(THE TASK):
Write out the records beneath this line exactly as they appear, minus any images.

──────── EXERCISE DATA ────────

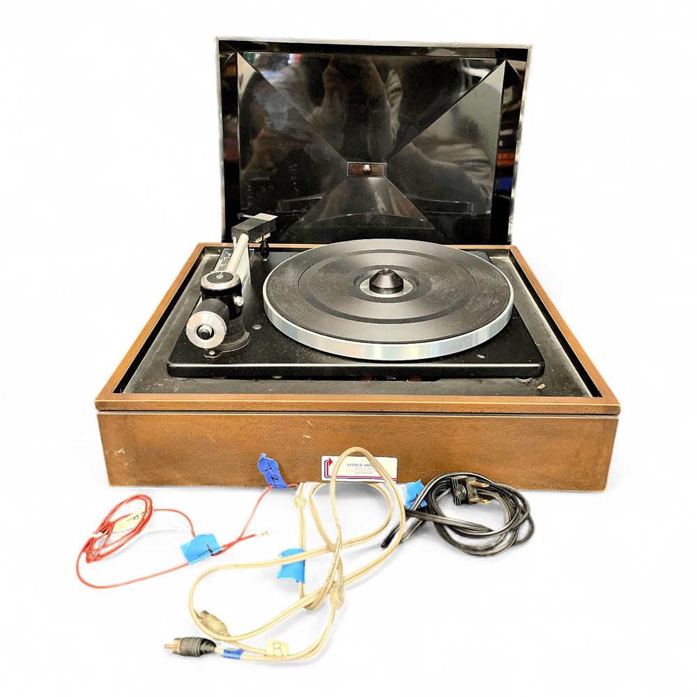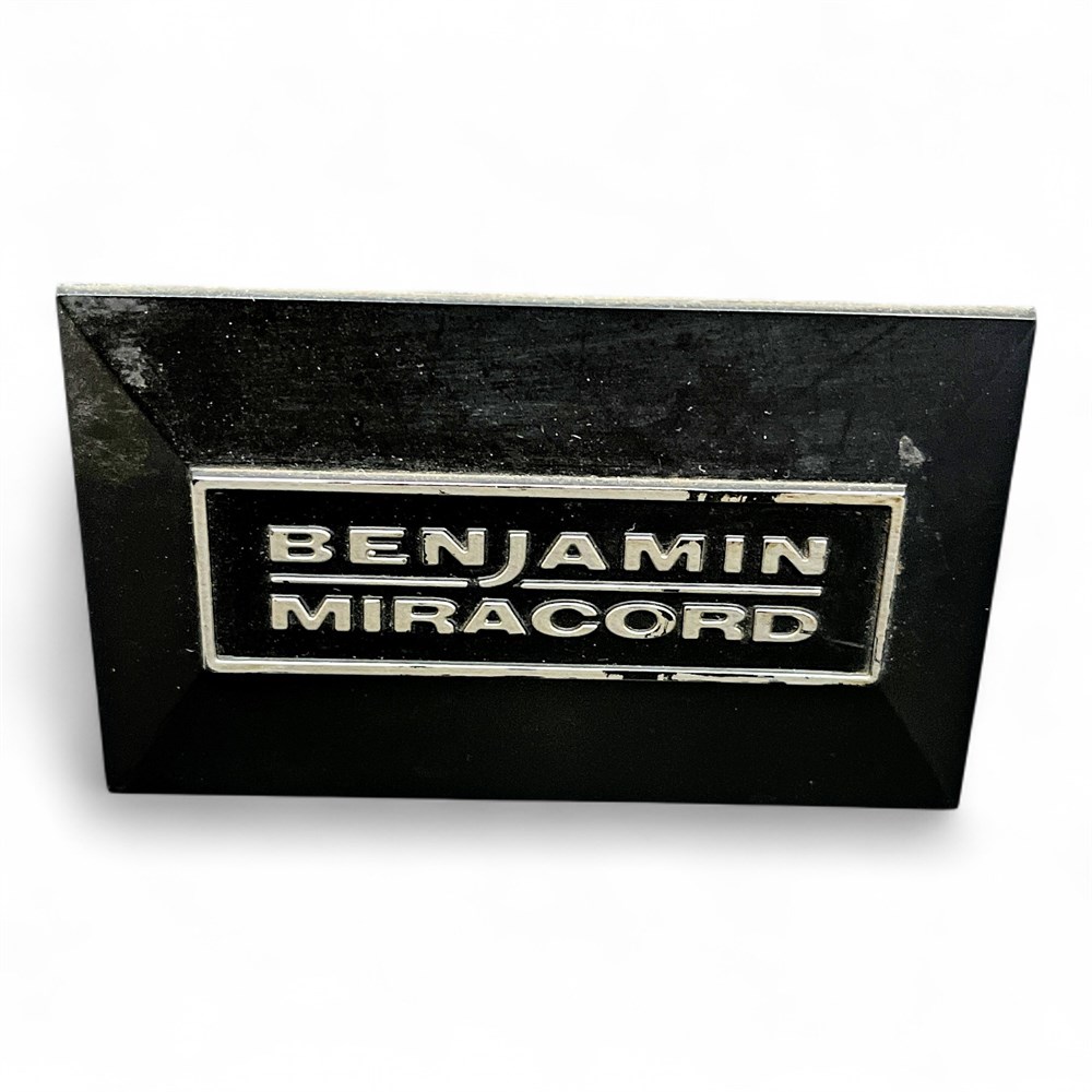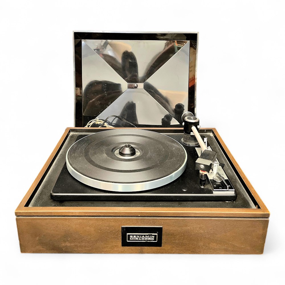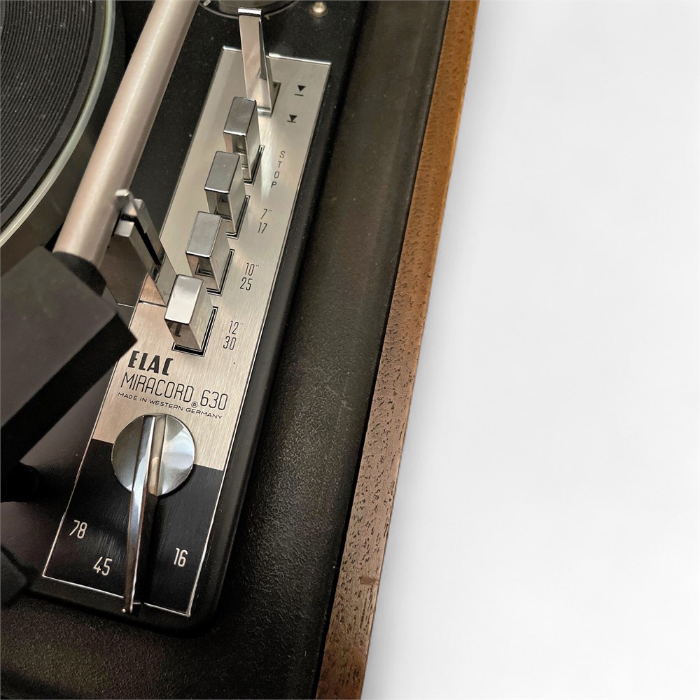 Vintage automatic turntable manufactured by ELAC (Electroacustic GmbH), model Miracord 630, produced in Germany circa 1970–1972. This model is a well-regarded example of early 1970s German engineering, featuring a heavy zinc die-cast platter, four-pole asynchronous motor, and precision aluminum tonearm with integrated lift and antiskating. The Miracord 630 supports multiple operating modes including single play, changer, automatic, and continuous play, with selectable speeds of 16⅔, 33⅓, 45, and 78 RPM. Control is via push-button operation. The tonearm allows fine adjustment of tracking force via spring mechanism, with a minimum tracking force of approximately 0.75 p. The platter measures 264 mm in diameter and contributes to low wow and flutter, rated at approximately 0.08% (DIN 45507). Rumble figures exceed 42 dB (weighted) and 60 dB (noise voltage), meeting DIN 45500 standards. Housed in a wooden plinth with hinged dust cover. Branded “Benjamin Miracord” badge present. Designed for use with standardized cartridge systems, originally offered with STS-244 or STS-344 cartridges (cartridge presence not guaranteed). Approximate dimensions: 14½" L × 17" W × 7½" H. Condition: Good vintage condition with expected cosmetic wear consistent with age; functionality not fully tested unless otherwise stated.
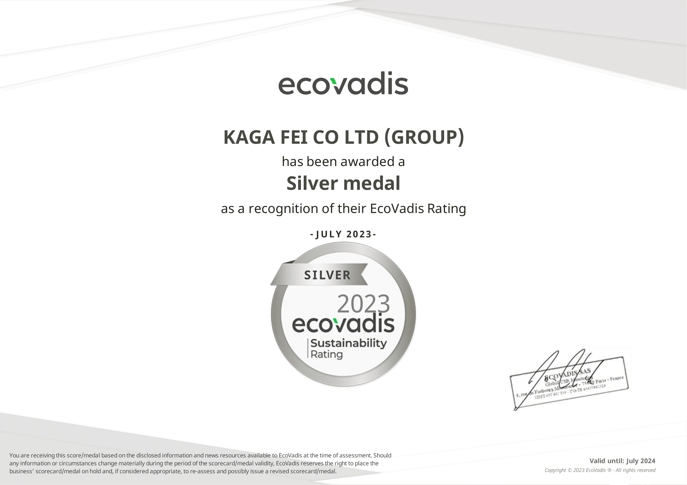 その結果、EcoVadis サステナビリティ評価にて、2023年に「シルバーメダル」の評価を獲得しました。
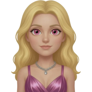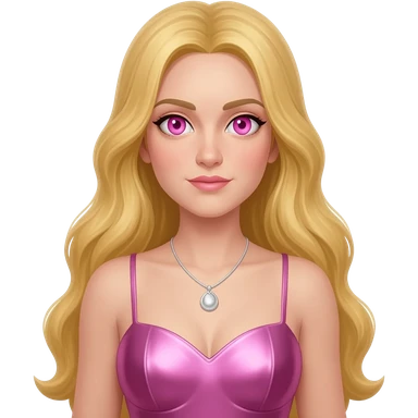 Aphrodite from Greek Mythology with pink eyes, long blonde hair, pink metallic coal dress, silver necklace emoji
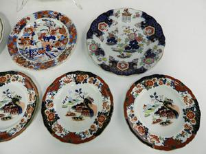 eight 19th century mason's ironstone plates, dia. 10 1/2" and smaller
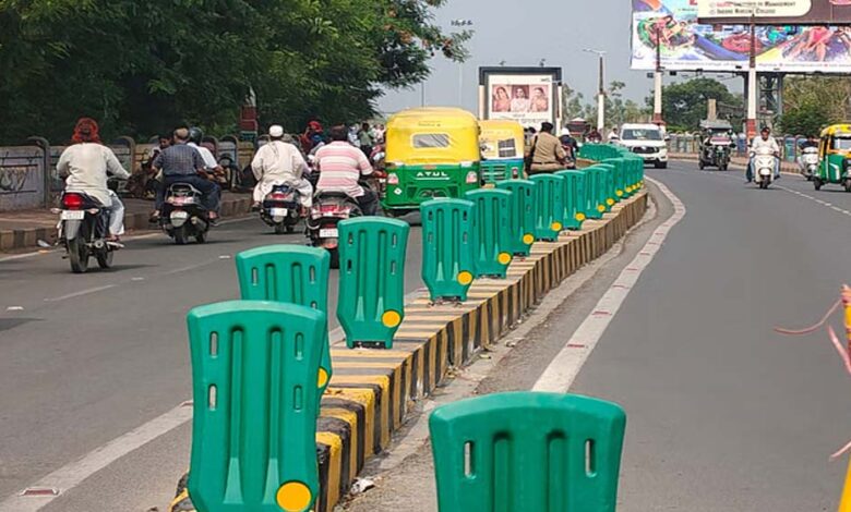इंदौर के शास्त्री ब्रिज पर नया प्रयोग, लोहे के हटाकर अब प्लास्टिक के डिवाइडर लगाए
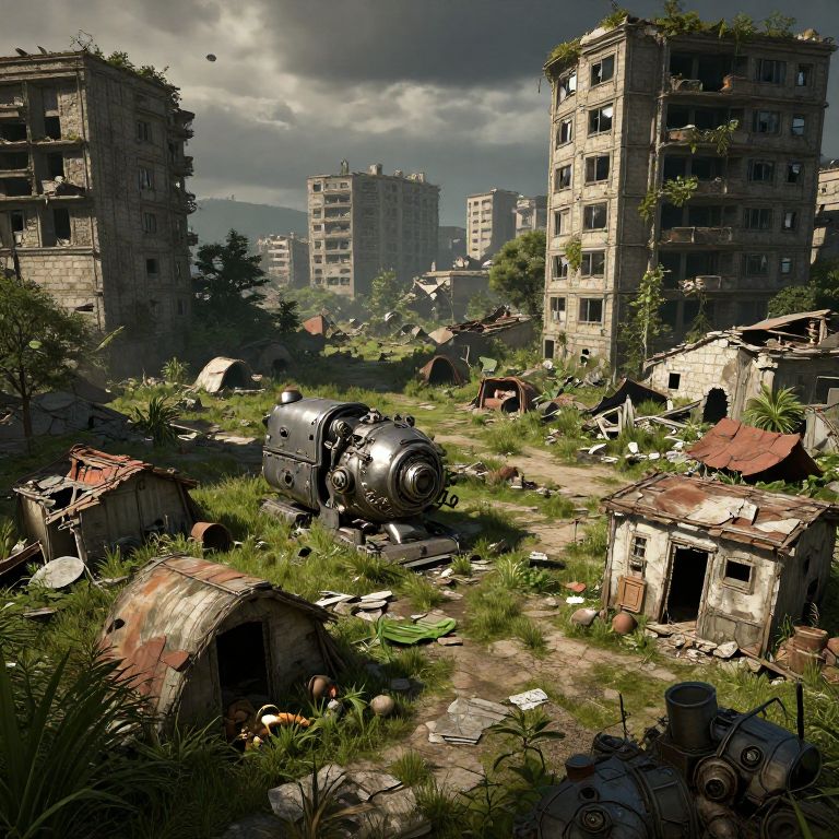 Civilizations in a post-apocalyptic world rebuilding amidst ruins, a mix of scavenged tech and primitive shelters, overgrown urban landscapes with wild flora reclaiming stone structures, atmospheric lighting, gritty textures, realistic detail
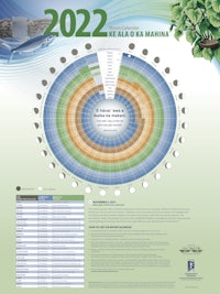 2022 Kaulana Mahina Calendar by Hui Mauliola and Kamehameha Schools Publishing. The other calendar put out by the Prince Kūhiō Hawaiian Civic Club - differs slightly by one day. Not unusual. This is just a guide to kōkua
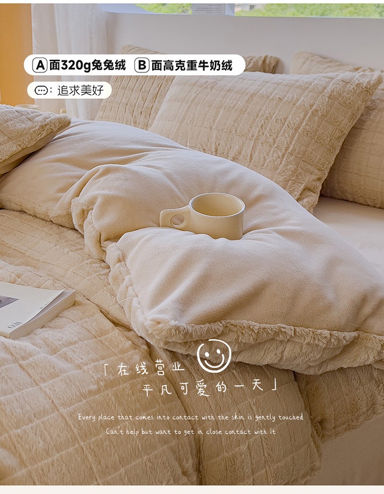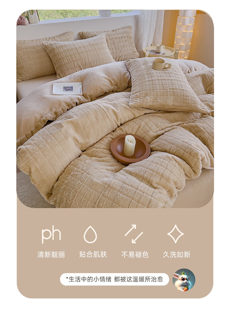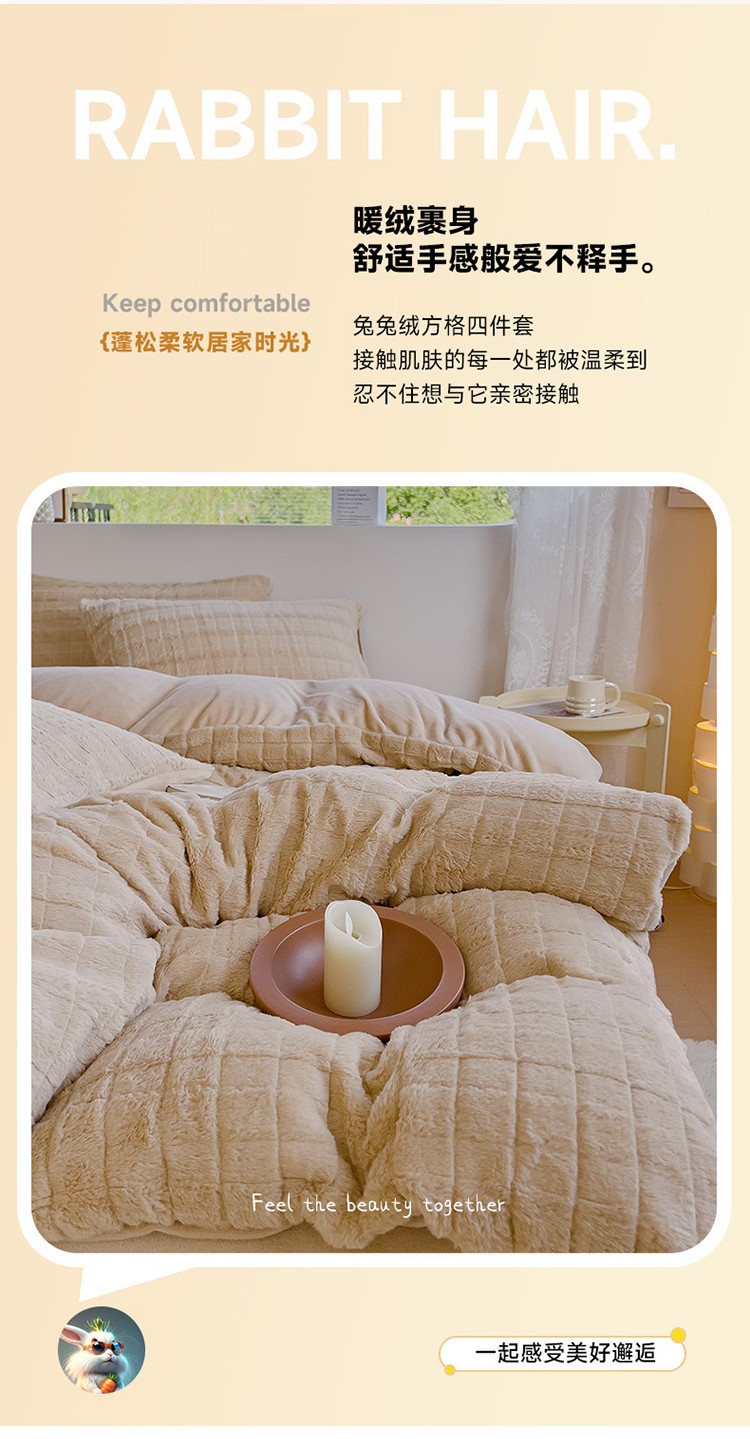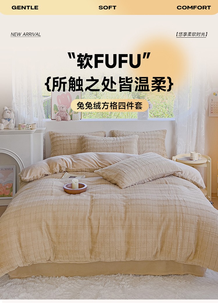 商品名称:大米家居 2023高克重兔兔绒方格系列四件套 方格-拿铁
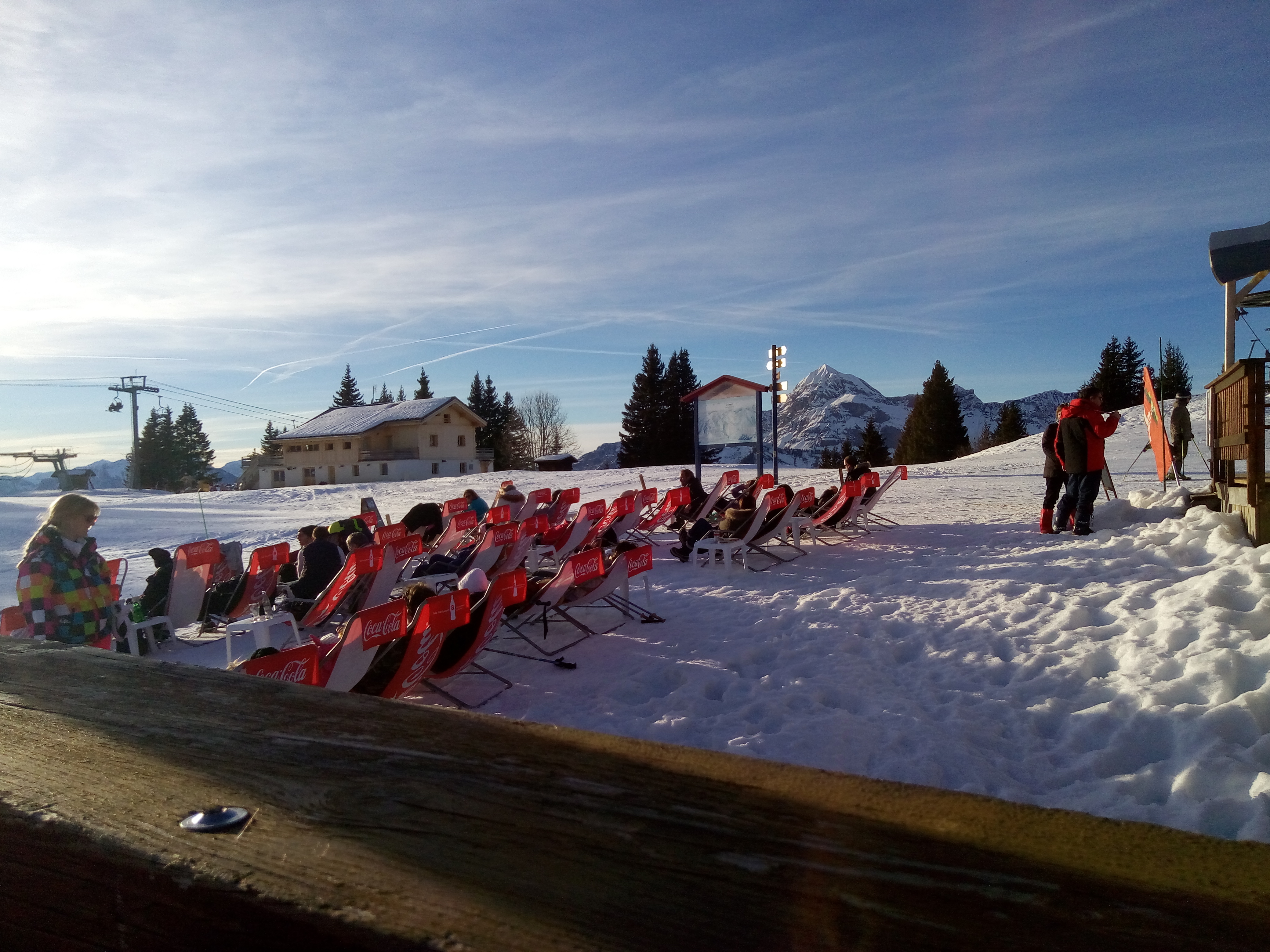 Maxi terrasse pour manger ou boire un verre au milieu des pistes de ski. Top en saison estivale moins en pleine saison (hivernale)

────────

(RESPONSE):
 Vintage automatic turntable manufactured by ELAC (Electroacustic GmbH), model Miracord 630, produced in Germany circa 1970–1972. This model is a well-regarded example of early 1970s German engineering, featuring a heavy zinc die-cast platter, four-pole asynchronous motor, and precision aluminum tonearm with integrated lift and antiskating. The Miracord 630 supports multiple operating modes including single play, changer, automatic, and continuous play, with selectable speeds of 16⅔, 33⅓, 45, and 78 RPM. Control is via push-button operation. The tonearm allows fine adjustment of tracking force via spring mechanism, with a minimum tracking force of approximately 0.75 p. The platter measures 264 mm in diameter and contributes to low wow and flutter, rated at approximately 0.08% (DIN 45507). Rumble figures exceed 42 dB (weighted) and 60 dB (noise voltage), meeting DIN 45500 standards. Housed in a wooden plinth with hinged dust cover. Branded “Benjamin Miracord” badge present. Designed for use with standardized cartridge systems, originally offered with STS-244 or STS-344 cartridges (cartridge presence not guaranteed). Approximate dimensions: 14½" L × 17" W × 7½" H. Condition: Good vintage condition with expected cosmetic wear consistent with age; functionality not fully tested unless otherwise stated.
 その結果、EcoVadis サステナビリティ評価にて、2023年に「シルバーメダル」の評価を獲得しました。
 Aphrodite from Greek Mythology with pink eyes, long blonde hair, pink metallic coal dress, silver necklace emoji
 eight 19th century mason's ironstone plates, dia. 10 1/2" and smaller
इंदौर के शास्त्री ब्रिज पर नया प्रयोग, लोहे के हटाकर अब प्लास्टिक के डिवाइडर लगाए
 Civilizations in a post-apocalyptic world rebuilding amidst ruins, a mix of scavenged tech and primitive shelters, overgrown urban landscapes with wild flora reclaiming stone structures, atmospheric lighting, gritty textures, realistic detail
 2022 Kaulana Mahina Calendar by Hui Mauliola and Kamehameha Schools Publishing. The other calendar put out by the Prince Kūhiō Hawaiian Civic Club - differs slightly by one day. Not unusual. This is just a guide to kōkua
 商品名称:大米家居 2023高克重兔兔绒方格系列四件套 方格-拿铁
 Maxi terrasse pour manger ou boire un verre au milieu des pistes de ski. Top en saison estivale moins en pleine saison (hivernale)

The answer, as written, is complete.